This means you now massively slow down say nvme operations by adding
a wait.  If at all we need a maybe supports write zeroes flag and
only do that if the driver hasn't decided yet if write zeroes is
actually supported.
Tom Yan Dec. 8, 2020, 12:48 p.m. UTC | #7
You mean like submit_bio_wait() is a blocking operation?

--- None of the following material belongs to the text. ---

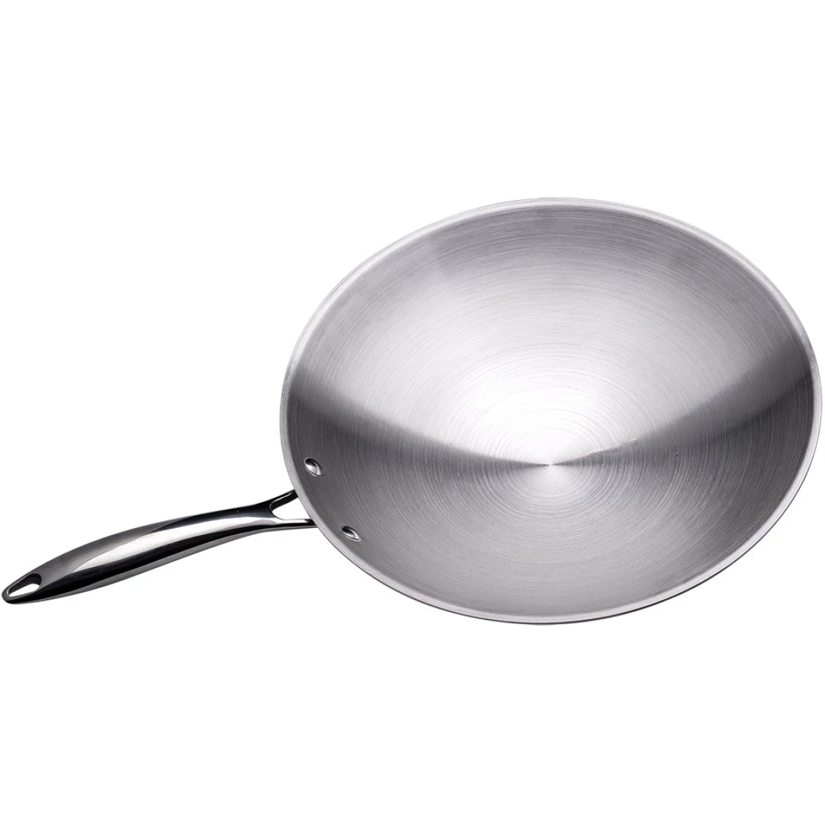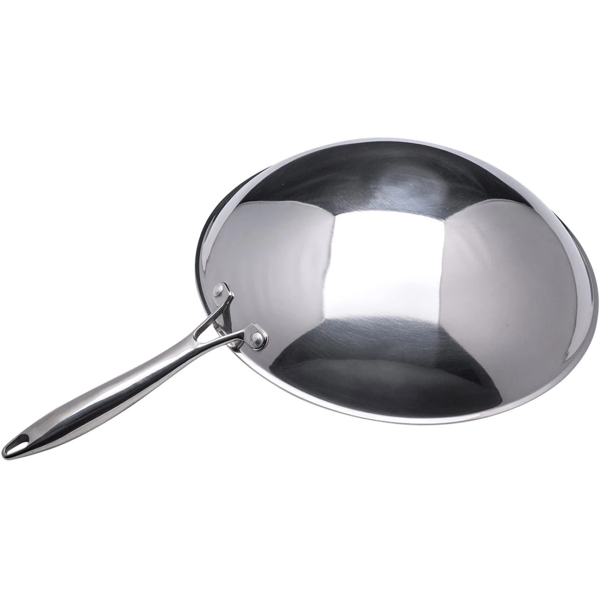 Manufactured from premium heavy duty stainless steel and aluminium in 3 layers (stainless steel-aluminium-stainless steel) , this commercial wok pan is built to last. Extreme heat resistance and compatibility with all heat sources.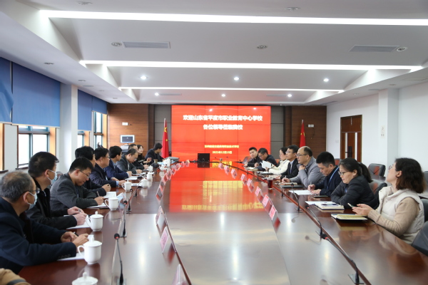12月15日上午,平度市职业教育中心学校朱风彬校长一行12人来我校调研交流。学校党委书记、校长郝云亮,副校长谢永东及相关处室负责人参加了交流座谈会。

On Mon, 7 Dec 2020 at 21:36, Christoph Hellwig <hch@infradead.org> wrote:
>
> On Sun, Dec 06, 2020 at 01:53:30PM +0800, Tom Yan wrote:
> > At least the SCSI disk driver is "benevolent" when it try to decide
> > whether the device actually supports write zeroes, i.e. unless the
> > device explicity report otherwise, it assumes it does at first.
> >
> > Therefore before we pile up bios that would fail at the end, we try
> > the command/request once, as not doing so could trigger quite a
> > disaster in at least certain case. For example, the host controller
> > can be messed up entirely when one does `blkdiscard -z` a UAS drive.
> >
> > Signed-off-by: Tom Yan <tom.ty89@gmail.com>
> > ---
> >  block/blk-lib.c | 14 +++++++++++++-
> >  1 file changed, 13 insertions(+), 1 deletion(-)
> >
> > diff --git a/block/blk-lib.c b/block/blk-lib.c
> > index e90614fd8d6a..c1e9388a8fb8 100644
> > --- a/block/blk-lib.c
> > +++ b/block/blk-lib.c
> > @@ -250,6 +250,7 @@ static int __blkdev_issue_write_zeroes(struct block_device *bdev,
> >       struct bio *bio = *biop;
> >       unsigned int max_write_zeroes_sectors;
> >       struct request_queue *q = bdev_get_queue(bdev);
> > +     int i = 0;
> >
> >       if (!q)
> >               return -ENXIO;
> > @@ -264,7 +265,17 @@ static int __blkdev_issue_write_zeroes(struct block_device *bdev,
> >               return -EOPNOTSUPP;
> >
> >       while (nr_sects) {
> > -             bio = blk_next_bio(bio, 0, gfp_mask);
> > +             if (i != 1) {
> > +                     bio = blk_next_bio(bio, 0, gfp_mask);
> > +             } else {
> > +                     submit_bio_wait(bio);
> > +                     bio_put(bio);
> > +
> > +                     if (bdev_write_zeroes_sectors(bdev) == 0)
> > +                             return -EOPNOTSUPP;
> > +                     else
>
> This means you now massively slow down say nvme operations by adding
> a wait.  If at all we need a maybe supports write zeroes flag and
> only do that if the driver hasn't decided yet if write zeroes is
> actually supported.
Ewan Milne Dec. 8, 2020, 10:46 p.m. UTC | #8
On Sun, 2020-12-06 at 13:53 +0800, Tom Yan wrote:
> At least the SCSI disk driver is "benevolent" when it try to decide
> whether the device actually supports write zeroes, i.e. unless the
> device explicity report otherwise, it assumes it does at first.
> 
> Therefore before we pile up bios that would fail at the end, we try
> the command/request once, as not doing so could trigger quite a
> disaster in at least certain case. For example, the host controller
> can be messed up entirely when one does `blkdiscard -z` a UAS drive.
> 

It's not as simple as that.  There are some SCSI devices that support
WRITE ZEROES, but do not return the MAXIMUM WRITE SAME LENGTH in the
block device limits VPD page.  So, some commands might work, and others
might not.  In particular, a commonly-used hypervisor does this.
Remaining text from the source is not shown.